A-Boiler

1-Boiler efficiency direct method

Boiler efficiency = (Mass of steam flow X Steam enthalpy-Feed water flow at economizer inlet X Enthalpy-Attemperator water flow X Enthalpy) / (GCV of fuel X Fuel consumption)

2-Boiler efficiency by indirect method

Boiler efficiency = 100-Various losses

3-Theoretical air requirement for combustion

Theoretical air Thair = ((11.6 X C% + (34.8 X (H2-O2/8)) + (4.35 X %S))/100

Where C = % of carbon in fuel

H2 = % of Hydrogen present in fuel

S = % of sulphur present in fuel

4-Excess air requirement for combustion

%EA = O2% / (21-O2%)

Where O2 = % of oxygen present in flue gas

5-Mass of actual air supplied

AAS = (1 + EA / 100) X Theoretical air

6-Mass of flue gas

Mfg = Mass of Air + 1

6-Mass of dry flue gas

Mfg = Mass of Co2 in flue gas + Mass of Nitrogen in fuel + Mass of Nitrogen in combustion air + Mass of oxygen in flue gas + Mass of So2 in flue gas

Mfg =(Carbon % in fuel X Molecular weight of CO2 / Mol.weight of Carbon) + N2 in fuel + (Mass of actual air supplied X % of N2 in air i.e 77/100) + ((Mass of actual air – Mass of theoretical air) X 23/100) + S2 in fuel X Mol.weight of SO2 / Mol.weight of sulphur)

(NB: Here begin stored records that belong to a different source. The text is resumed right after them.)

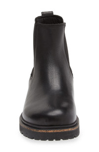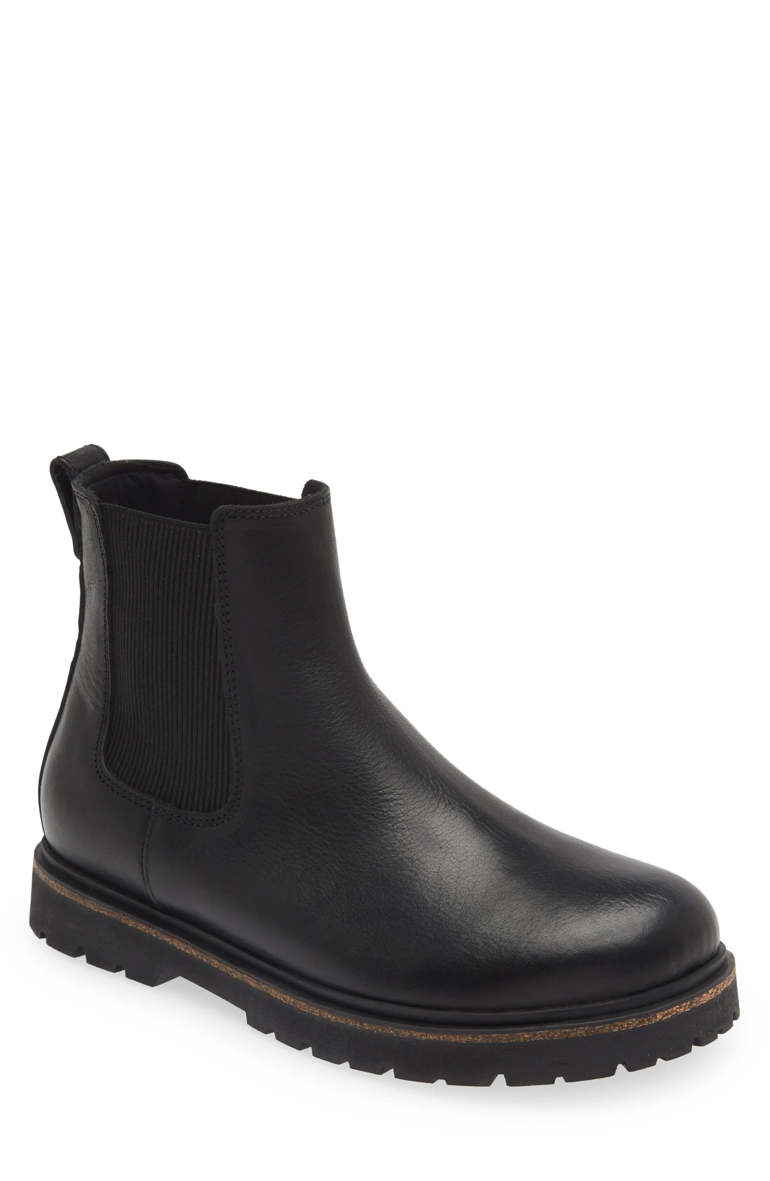 Chunky lugs lend rugged grounding to this robust Chelsea boot crafted from smooth leather and cushioned by the brand's iconic contoured cork footbed. 5 1/2" shaft Pull-on style with elastic gore insets Removable, cushioned insole with arch support Leather upper and lining/synthetic sole Made in Portugal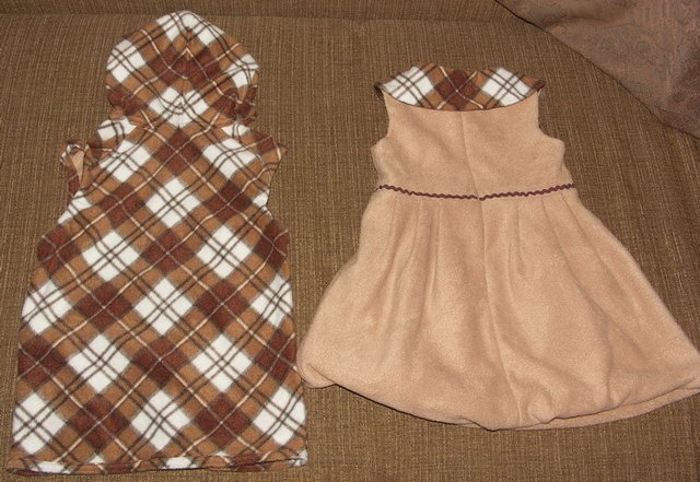 finakova Опубликовано 9 февраля, 2014 Поделиться #327 Опубликовано 9 февраля, 2014 Сшилась сыну безрукавка с капюшоном (Оттобре) из тонкого тянущегося флиса. В качестве компаньона был куплен остаток бежевого флиса, причём этого остатка хватило дочке на сарафан (который сшился быстрее, чем безрукавка). Думала сделать на сарафане аппликацию из клетчатого флиса или кармашки (хоть за помощью к Марие Sandra обращайся). Но в итоге сшит воротничок - вот такой комплект "дочки-сыночки" :) Ссылка на сообщение Поделиться на другие сайты Поделиться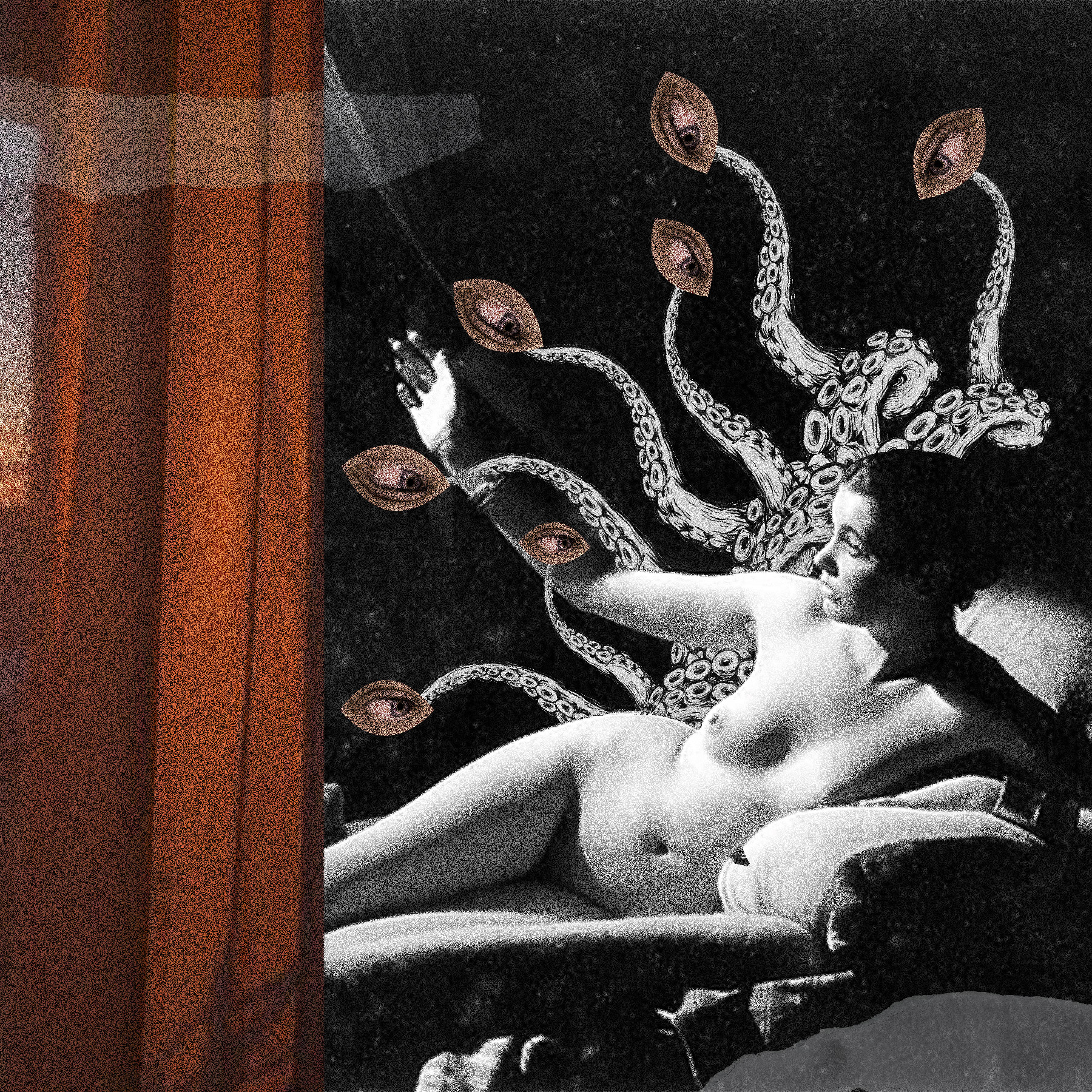The collages develop through an intuitive process of dragging, stacking, and rearranging elements until the image holds a specific emotional charge. Nothing is smoothed over; the seams, glitches, and abrupt transitions stay visible. These interruptions are part of the structure, reflecting how identity is shaped by conflicting signals—internal doubt, external judgment, and the constant awareness of being watched.

7-% of heat loss in dry flue gas

Heat loss = Mfg X Cp X (Tf-Ta) X 100 / GCV of fuel

Where,

Mfg = Mass of flue gas

Cp = Specific heat of flue gas in kacl/kg

Tf = Temperature of flue gas

Ta = Ambient air temperature

9-% of heat loss due to moisture in fuel

Heat loss = M X (584 + Cp X (Tf-Ta))  X 100 /  GCV of fuel

Where,

M = Moisture in fuel

Cp = Specific heat of flue gas in kcal/kg

10-% of heat loss due to moisture in air

Heat loss = AAS X humidity X Cp X (Tf-Ta) X 100/ (GCV of fuel)

Where,

AAS = Actual air supplied for combustion

Cp = Specific heat of flue gas in kcal/kg

Tf = Temperature of flue gas

Ta = Ambient air temperature

11-% of Boiler water blow down

Blow down % = (Feed water TDS X % of makeup water) X 100 / (Maximum permissible TDS in Boiler water –Feed water TDS)

12-Steam velocity in line

Velocity of steam in pipe line,V = Steam flow in m3/sec / Area of pipe line (A)

Steam flow in m3/sec = (Steam flow in kg/hr / Density of steam X 3600)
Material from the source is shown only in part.